Bernanke and the CBO – Bad Numbers

The numbers of late have been horrendous. Today a pile of more bad news. Yesterday we got this from the Fed Minutes:

Participants generally anticipated that it would take some time for the economy to converge fully to its longerrun path; most expected the convergence process to take no more than five to six years.


No more than five or six years? Where did that come from? I thought we were doing fine.

The long-term aspect of this problem we are facing probably will take us six years to work through. For the Fed to put this out there was not done without significant consideration. There were quite a few folks who were hoping for the turnaround to take hold later this year. Now they have to wait a half decade. This is not good for confidence. But I give the Fed an “A” for saying it. It is the most probable outcome. The Fed’s words were chosen as a warning of QE 2's arrival later this year. Maybe sooner. What might a six-year slow down look like? We have no clue. All the long-term projections that are being bandied about today are assuming a decade of steady growth

Here is the GDP forecast from the Fed.

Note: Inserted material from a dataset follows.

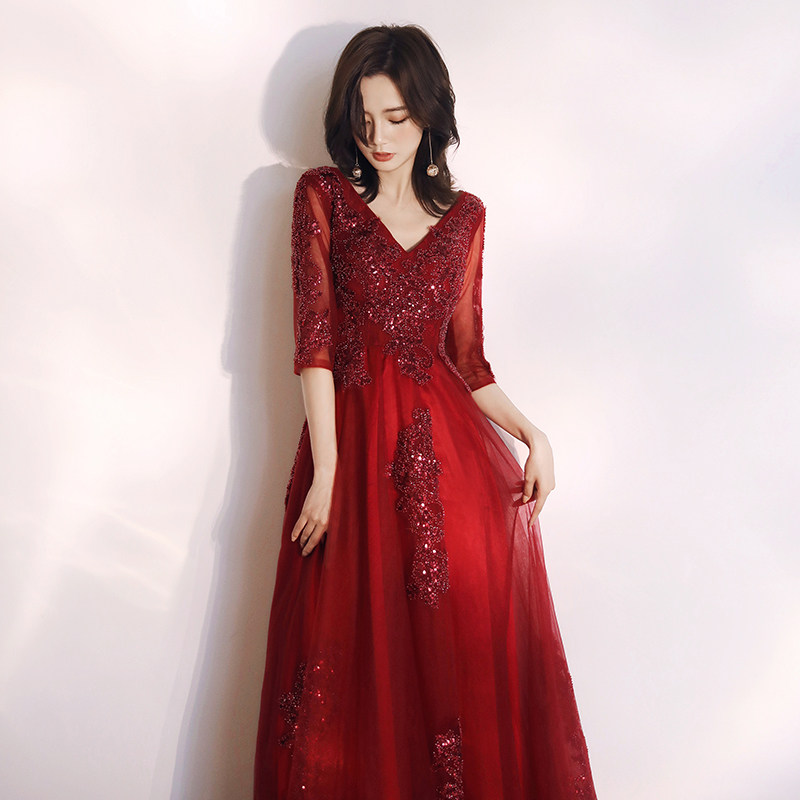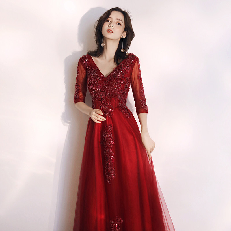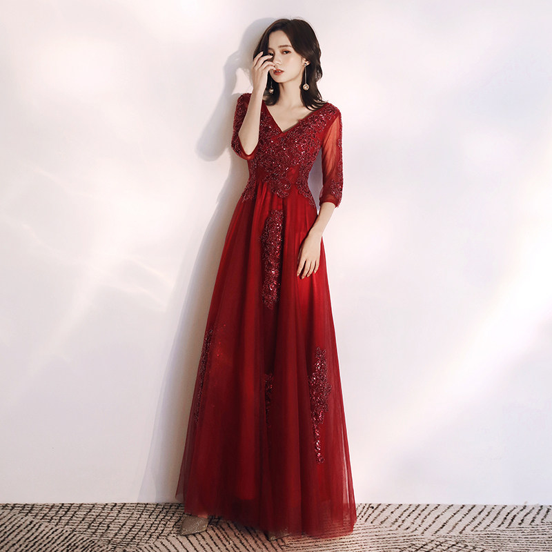 Toast dress bride 2021 new wedding large size back door dress skirt female chorus conductor wine red thin

There is no slowdown in this. The low estimate is 2.8% for far into the future. Bernanke can neither justify or sell QE 2 with these numbers as a backdrop. The long term trend would be about 3%. That is maximum sustainable growth without inflation. Either the Fed's forecast is off the mark, or they have no excuse for a QE party.

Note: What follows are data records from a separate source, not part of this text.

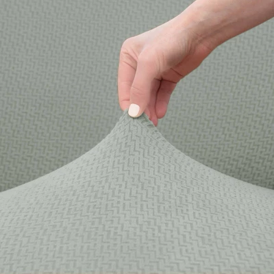 - This value slipcover has modern textured knit construction with premium touches that make it an easy choice to cover your existing furniture instead of replacing it
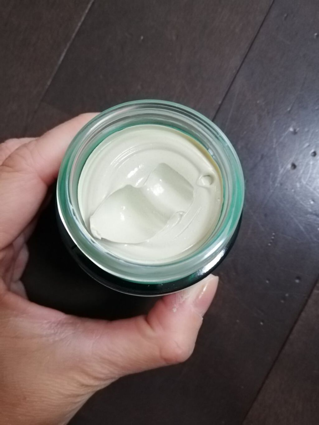 - 赤みをきちんとカバーするスキンケア兼用下地。緑色のクリームが肌でベージュ色に変化し、ニキビ跡やくすみをカバーします。
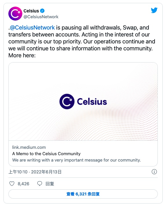 Celsius冻结提款
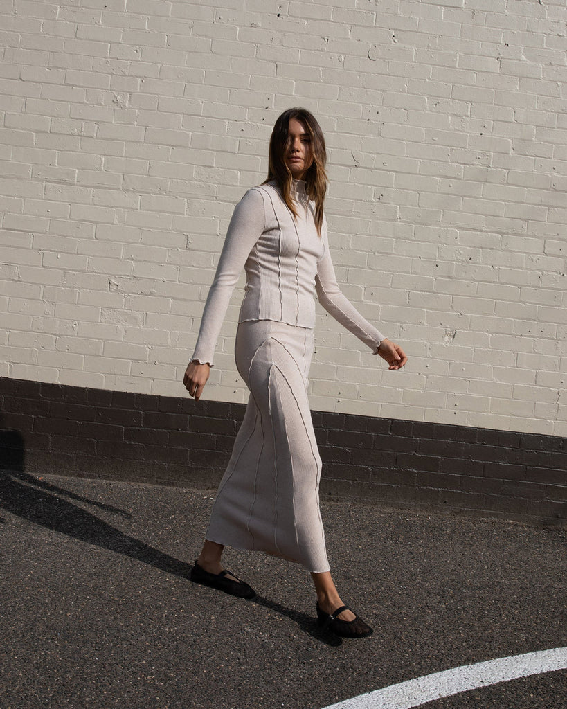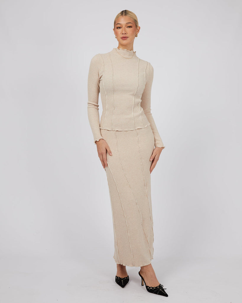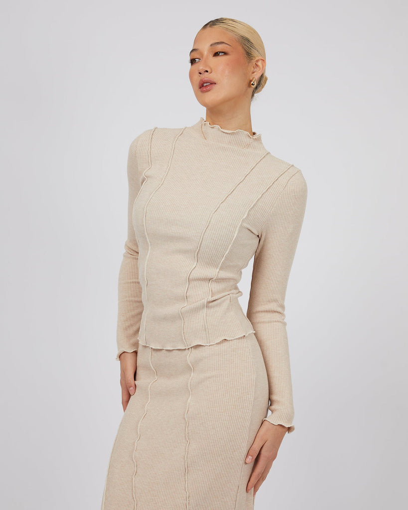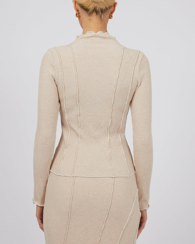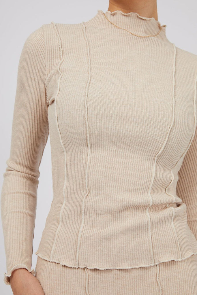The Gemma LS Top is made from a luxe rib knit in a natural marle colour. Featuring a funnel neck, slim fit and exposed seam detailing.

We get the same muck from the CBO. Here is their numbers:


Soon we will get the annual report from the SS Trust Fund. Their rosy outlook will also be achieved as result of an economic forecast that has no chance of being realized.

The Fed has put a long-term low/no growth possibility on the table. They have done it in effort to support a launch of the QE 2. I would like to see some economic forecasts from the CBO that reflected the consequences of a six-year GDP that averaged 1%. The numbers that come from that analysis for total debt, debt to GDP, State finances, all private pension funds, Social Security/Medicare and unemployment would be a big eye opener. It looks like an implosion to me.

If the Fed wants to sell the next round of monetary insanity it will have to do it with a budget that shows what happens to us if we don’t grow. Mr. Elmendorf (CBO) and Mr. Goss (SSTF) should do the same. If you want to scare the populace into accepting another QE then at least we should get a look at what we are supposed to be afraid of. The bad news is that if we did see the future under the lens of 1% long-term GDP growth it would scare us to death. And therefore justify Mr. Bernanke’s plans.